The primary options that would have been available to Manchester United to resolve the trade mark complication would have been:

  1. To take a licence from Chelsea in exchange for paying a licence fee;
  2. Request an assignment of the marks, either directly to Manchester United or to Jose Mourinho;
  3. Not to sell Mourinho merchandise covered by the trade marks (and sacrifice a significant revenue stream); or
  4. Challenge the validity of Chelsea’s trade mark registrations (discussed above).

The details of the deal struck between the Premier League heavyweights have not been released, so one can only speculate as to what was agreed. The ideal scenario from Mourinho’s perspective would have been to obtain a direct assignment of the marks, enabling him to retain control and licence out the right to use his marks to the different clubs he manages. Since the first ‘Mourinho’ marks were registered by Chelsea, Jose has managed Inter Milan and Real Madrid and both footballing giants seemingly found ways to placate the trade mark issue. It is likely that these clubs would have negotiated a short-term license for the trade marks, lasting for the duration of Mourinho’s tenure with appropriate post-termination provisions.

 

OPPOSING THIRD PARTY MARKS

It seems that in this instance Mourinho consented to the registration of the trade marks by his former employer. However, in instances where no consent has been given by the individual, there are mechanisms available for such individuals to challenge third party applications – or to invalidate registrations that have already been granted. This includes applications made in bad faith,13 particularly where there is an obvious attempt to take reputational advantage.

A third party mark may also be opposed on the basis of rights in passing off if the individual concerned can demonstrate the requisite goodwill.14 The day after Andy Murray lifted the Wimbledon crown, an unconnected third party filed trade marks for “Andy Murray Wimbledon Winner” and “Andy Murray Tennis Champion(UK00003012938). These applications were subsequently refused, but serve as a reminder to sports personalities that there is always someone willing to try and capitalise on sporting success.

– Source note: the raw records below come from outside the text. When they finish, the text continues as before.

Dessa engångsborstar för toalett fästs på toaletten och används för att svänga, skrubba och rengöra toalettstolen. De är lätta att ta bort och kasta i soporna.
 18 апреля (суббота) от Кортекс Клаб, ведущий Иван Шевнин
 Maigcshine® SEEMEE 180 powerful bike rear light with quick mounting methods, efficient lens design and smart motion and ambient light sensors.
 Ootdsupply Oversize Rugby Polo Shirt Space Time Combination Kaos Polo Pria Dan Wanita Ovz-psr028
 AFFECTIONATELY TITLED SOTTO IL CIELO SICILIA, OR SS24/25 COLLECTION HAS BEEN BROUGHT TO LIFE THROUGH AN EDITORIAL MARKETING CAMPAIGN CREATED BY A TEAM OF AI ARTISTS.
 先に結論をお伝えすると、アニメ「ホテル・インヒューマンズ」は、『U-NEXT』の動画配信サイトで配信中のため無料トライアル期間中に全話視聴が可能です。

A mark could also be challenged on the grounds that the public is likely to be deceived as to the origin of the goods.15 Much will depend on the circumstances and the contractual arrangements in place, and the CJEU’s decision in Elizabeth Emanuel,16 the designer of Princess Diana’s wedding dress, illustrates that even if the individual is not personally involved in the relevant business, this will not necessarily make the mark deceptive.

 

THE ‘OWN NAME’ DEFENCE AND RELATED ISSUES

A trade mark will not be infringed by the use by a person of his own name, provided such use is in accordance with honest practices.17 Accordingly, if Chelsea decided to sue Jose Mourinho personally for using his name in respect of goods covered by the registrations (admittedly an unlikely scenario), he might be able to escape liability on this basis. The post-termination provisions in Chelsea’s Service Agreement with Mourinho may of course deal with his ability to use the relevant marks in any event.

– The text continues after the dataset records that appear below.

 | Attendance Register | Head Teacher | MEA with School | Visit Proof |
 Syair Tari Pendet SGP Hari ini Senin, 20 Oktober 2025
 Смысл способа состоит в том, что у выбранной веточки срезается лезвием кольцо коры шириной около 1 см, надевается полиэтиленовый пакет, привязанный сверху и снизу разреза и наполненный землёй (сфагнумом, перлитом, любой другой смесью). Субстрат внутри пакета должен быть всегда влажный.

A slightly more unprecedented theory is whether this own name defence would technically extend as far as extinguishing Mourinho’s liability for commercially exploiting his signature on goods covered by Chelsea’s trade mark registration. This would of course not prevent him from using his signature in day to day business life (such as signing contracts or cheques), but it is feasible that Mourinho would sign merchandise such as football shirts in the course of trade. Interestingly, however, Chelsea’s registration does not include “image carrier” goods in Class 16 such as posters and photographs (EU004853545), so if Mourinho was to sign such goods in a commercial capacity this would not be caught.

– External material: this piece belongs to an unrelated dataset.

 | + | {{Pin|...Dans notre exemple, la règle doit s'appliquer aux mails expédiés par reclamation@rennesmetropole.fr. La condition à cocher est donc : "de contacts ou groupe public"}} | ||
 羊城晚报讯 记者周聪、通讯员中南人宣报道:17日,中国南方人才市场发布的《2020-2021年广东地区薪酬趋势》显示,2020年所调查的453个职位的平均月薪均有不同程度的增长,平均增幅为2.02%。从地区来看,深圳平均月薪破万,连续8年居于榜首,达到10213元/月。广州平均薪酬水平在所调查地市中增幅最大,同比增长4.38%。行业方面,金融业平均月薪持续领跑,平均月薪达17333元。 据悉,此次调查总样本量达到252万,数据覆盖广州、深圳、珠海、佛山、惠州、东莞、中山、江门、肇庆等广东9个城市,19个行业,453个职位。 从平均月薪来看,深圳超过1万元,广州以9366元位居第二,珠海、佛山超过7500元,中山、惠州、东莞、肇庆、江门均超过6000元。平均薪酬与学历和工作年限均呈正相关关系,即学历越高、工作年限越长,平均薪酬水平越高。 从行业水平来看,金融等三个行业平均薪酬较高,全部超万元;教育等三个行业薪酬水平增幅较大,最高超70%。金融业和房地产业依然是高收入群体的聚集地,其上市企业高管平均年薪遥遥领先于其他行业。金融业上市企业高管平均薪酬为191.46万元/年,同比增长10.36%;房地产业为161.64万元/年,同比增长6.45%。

A similar situation arose when Alex Ferguson applied to register his name in 2005. Whilst the UK Trade Mark Registry did not object to the former Manchester United Manager’s application in respect of most of the goods listed, it refused to allow registration for certain Class 16 goods including photographs, posters and other image-bearing printed matter.18 The basis for this decision was that the sign “ALEX FERGUSON” lacked distinctive character, as the general public would not distinguish Sir Alex’s image-carrying goods from those sold by other traders. In many ways, Sir Alex was the victim of his own fame and success, as the widespread use of his name on such goods made it difficult to obtain trade mark protection. Former Chelsea and West Ham star Joe Cole managed to overcome these issues by registering his name in relation to posters and similar products in 1999, before becoming a household name (UK0002176765B).

 

SPONSORSHIP CONFLICTS

 

The Mourinho trade mark issues simply serve to highlight how the transfer process for high profile players and managers needs to be given appropriate thought. This also applies to sponsorship conflicts more generally, and it stands to reason that a player or manager previously employed by a club’s competitors will also have sponsor arrangements with brands that compete or may compete with those brands to which the relevant hiring club is affiliated – how these arrangements interact with each other requires some careful thought and it is often for the lawyers to ensure that a realistic compromise can be reached (see here for a blog post written by the author on this subject more generally).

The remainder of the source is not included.